I tried your test with 9000 Byte MTU Size. On BlueField Reference Platform I set the MTU of the interface to 9000 and on TRex I am sending 8096 size byte packets. I am able to loop back packets fine w/o any issues. Below is the command line I use for testpmd

./testpmd --log-level="mlx5,8" -l 3,4,5,6,7,8,9,10,11,12,13,14,15 -n 4 -w
17:00.0 --socket-mem=2048 -- --socket-num=0 --burst=64 --txd=2048 --rxd=2048
--mbcache=512 --rxq=12 --txq=12 --nb-cores=12 -i -a --forward-mode=mac
--max-pkt-len=9000 --mbuf-size=16384

Two things to consider: The max Rx packet len  is used by the PMD during its Rx Queue initialization. By default this is set to 1518 Bytes for testpmd/l3fwd. For jumbo frames you need to pass --max-pkt-len=9000 (for
testpmd) or --enable-jumbo --max-pkt-len=9000 (for l3fwd). Are you passing these values to l3fwd/testpmd when you run your test? Also since the mbuf_size is 2048 by default, you need to increase the mbuf_size to > Jumbo frame size unless you enable scatter in the PMD. For testpmd you can increase the mbuf size by using --mbuf-size parameter. For l3fwd I don't think there is a command line option to increase mbuf size in runtime. So you might need to recompile the l3fwd code to increase mbuf size.

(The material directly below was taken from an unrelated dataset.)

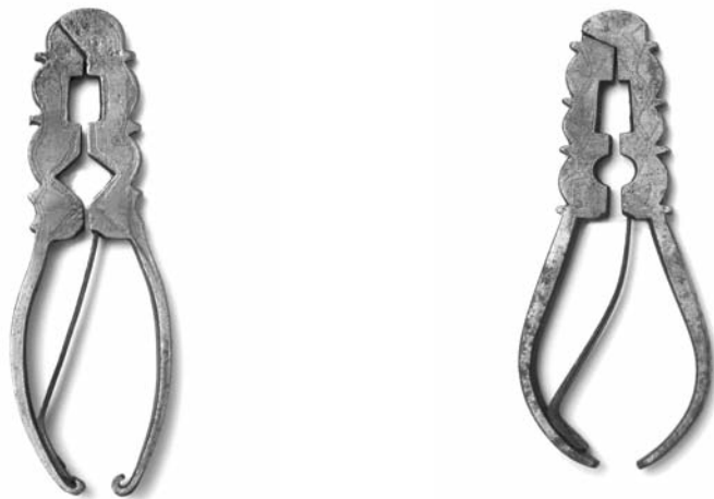
Fotos 22 y 23. Cascapiñones de lujo del taller de los “muelles recios” (Museo Caro Baroja)

timos, con dos piezas únicas de las tres conocidas. Los nueve ejemplares del museo navarro y los tres del Museo del Traje hacen el total de esta tipología en colecciones públicas (Fotos 22 y 23).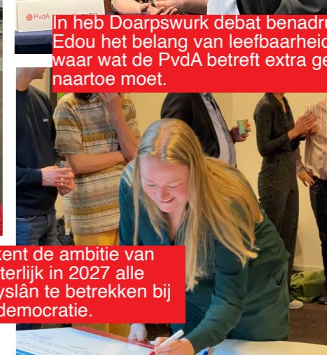
Edou ondertekent de ambitie van Tienskip om uiterlijk in 2027 alle jongeren in Fryslân te betrekken bij de politiek en democratie.

Are you doing this?

Hope this helps.

Regards,
Kiran



-----Original Message-----
From: Jim Vaigl <jimv@rockbridgesoftware.com>
Sent: Friday, October 4, 2019 1:35 PM
To: Asaf Penso <asafp@mellanox.com>; 'Stephen Hemminger'
<stephen@networkplumber.org>
Cc: users@dpdk.org; Kiran Vedere <kiranv@mellanox.com>; Erez Ferber <erezf@mellanox.com>; Olga Shern <olgas@mellanox.com>; Danny Vogel <dan@mellanoxfederal.com>
Subject: RE: [dpdk-users] DPDK on Mellanox BlueField Ref Platform

A final update on this issue.  Kiran Vedere went above and beyond the call of duty: he completely reproduced my hardware setup, showed that it worked using trex to generate similar traffic to mine, and then provided me with a bundled-up .bfb of his CentOS (with updated kernel) and OFED install to try so that there would be no configuration stuff for me to mess up.

Using this, I saw exactly the same crashes I had seen in my setup.
After some thought, I realized the only meaningful difference was that my traffic generator and IP configuration relied on an MTU size of 9000.
Once I set the MTU size down to 1500, the crashes stopped.

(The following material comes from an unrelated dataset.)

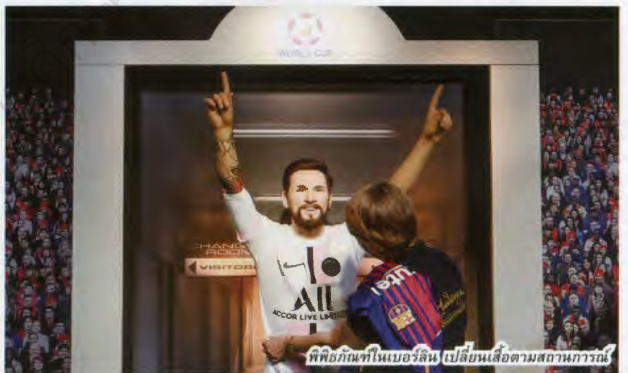
ทิ่อกันทีในเบอร์ลิน เปลี่ยนเสื้อตามสถานการณ์

ความคึกคักบังเกิดแก่สาวกปารีสเซียงอย่างต่อเนื่องตั้งแต่ที่ได้เห็น อาซาราฟ ฮาคิมิ, จอร์จินโญ ไวนัลดูม, เซร์คิโอ รามอส กับ จานลุยจิ ดอนนารุมมา พาเหรดกันมาเปิดตัวในฐานะผู้เล่นใหม่ของเปแอสเช เทียบเป็นการติดอาวุธ ทั้ง 4 คืออาวุธ

So, the answer is clearly that I'm just not setting up for the larger MTU size.  I need to start to understand how to get DPDK to manage that, but the crashing is at least understood now, and I have a way forward.

Thanks very much to Kiran.

Regards,
--Jim

-----Original Message-----
From: Jim Vaigl [mailto:jimv@rockbridgesoftware.com]
Sent: Thursday, September 26, 2019 3:47 PM
To: 'Asaf Penso'; 'Stephen Hemminger'
Cc: 'users@dpdk.org'; 'Kiran Vedere'; 'Erez Ferber'; 'Olga Shern'
Subject: RE: [dpdk-users] DPDK on Mellanox BlueField Ref Platform

> From: Asaf Penso [mailto:asafp@mellanox.com]
> Sent: Thursday, September 26, 2019 7:00 AM
> To: Jim Vaigl; 'Stephen Hemminger'
> Cc: users@dpdk.org; Kiran Vedere; Erez Ferber; Olga Shern
> Subject: RE: [dpdk-users] DPDK on Mellanox BlueField Ref Platform
>
> Hello Jim,
>
> Thanks for your mail.
> In order  for us to have a better resolution please send a mail to our
support team > - support@mellanox.com
> Please provide as much info about the setup, configuration etc as you can.
>
> In parallel, I added Erez Ferber here to assist.
>
> Regards,
> Asaf Penso

Thanks for the kind offer, Asaf.  I'll take this debug effort off-line with you and Erez and post back to the list here later with any resolution so everyone can see the result.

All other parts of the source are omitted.